Distressing sights. I am a vegetarian (with fish sometimes added) but sometimes I have to go to the municipal beef stall for the sake of others at home. The sights there are so crude that I find it utterly distressing. The crudest sight of all is that of seeing the severed heads of cattle lying on the floor of the den. The vocal sounds and the hopeless struggling of the fowls that are being killed in the adjoining chicken dens are very distressing. The "Food City" by contrast is refined; everything is odourless and clean and no heads are seen (except alas! for some heads of large fish), and the chickens have been killed elsewhere and systematically packaged.

Deceit. Wanting to buy a packet of saalaya fish for the cats, I asked an itinerant fishmonger near the market for it. While he was getting ready to weigh the fish I noticed that the fish had only a slight resemblance to saalayas. When I asked him what they really were he said they were big saalayas to which another name is also given. He was simply trying to hoodwink me.

Quality control. The numerous stalls along -the pavement sell a variety of goods including second-hand books, radios and music material. I bought a second-hand audiocassette a few days ago of Vedic Chants but the tape packed up shortly after the start of the music.

Roughness

Jostling is a vulgarity not only in boutiques but also in other places where there is a rush. Getting into a bus is a case in point. An old teacher of mine told me that once at Bambalapitiya Junction he had put his hand across the steps at the entrance to the bus to prevent a jostler from pushing him away. Inside the bus the man had become abusive and said aloud that he’d have hammered him but for his age. (His respect for age seemed to me to be an unexpected saving grace.) Where is there room in the midst of all this vulgarity in crowded boutiques and buses for fairness and self-control and for living up to the maxim "Love, Joy, Peace, and Kindness plus Humour"?

Coping

A sense of humour would be useful to deal with the anger that makes one grin with clenched teeth. It should be the rarer kind of humour in which one laughs internally to oneself, directed not at the perpetrators of the stresses, but at oneself for one’s lack of immunity against them. Thus in a situation of jostling, I once came across a man who moved aside saying to his jostler "You first, Sir!". I guess it was the product of a sense of humour which protected him from blowing up in anger and frustration. In the non-professional situations of poor service in bout-iques, the person who is not sure about being good-humoured would do well to avoid such boutiques and be prepared to pay a little more for better service at the more professionalised places. The alluring distraction of styles of dress and the irritating distraction met with in public transport need not touch one at all as they do not affect one’s person directly. The distracting music that assails one’s ears can be looked upon humourously as providing one with a free lesson in the character of pop music.

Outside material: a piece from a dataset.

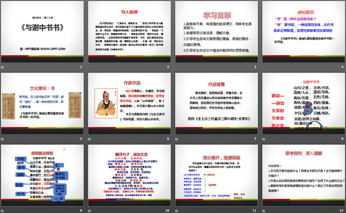 关键词:苏教版九年级上册语文PPT课件免费下载,与谢中书书PPT下载,.PPT格式;

Another coping strategy is to cultivate those situations which one feels are beautiful and kindly. They compensate for the vulgarities. The managers and servers, both men and women, are pleasant people. I find the salesmen at the carnivore’s counter and at the spirits stall of "Food City" to be cheerful and ready to smile with their customers. So are many of the salesgirls at the cashier machines, in "Food City" and "Book City".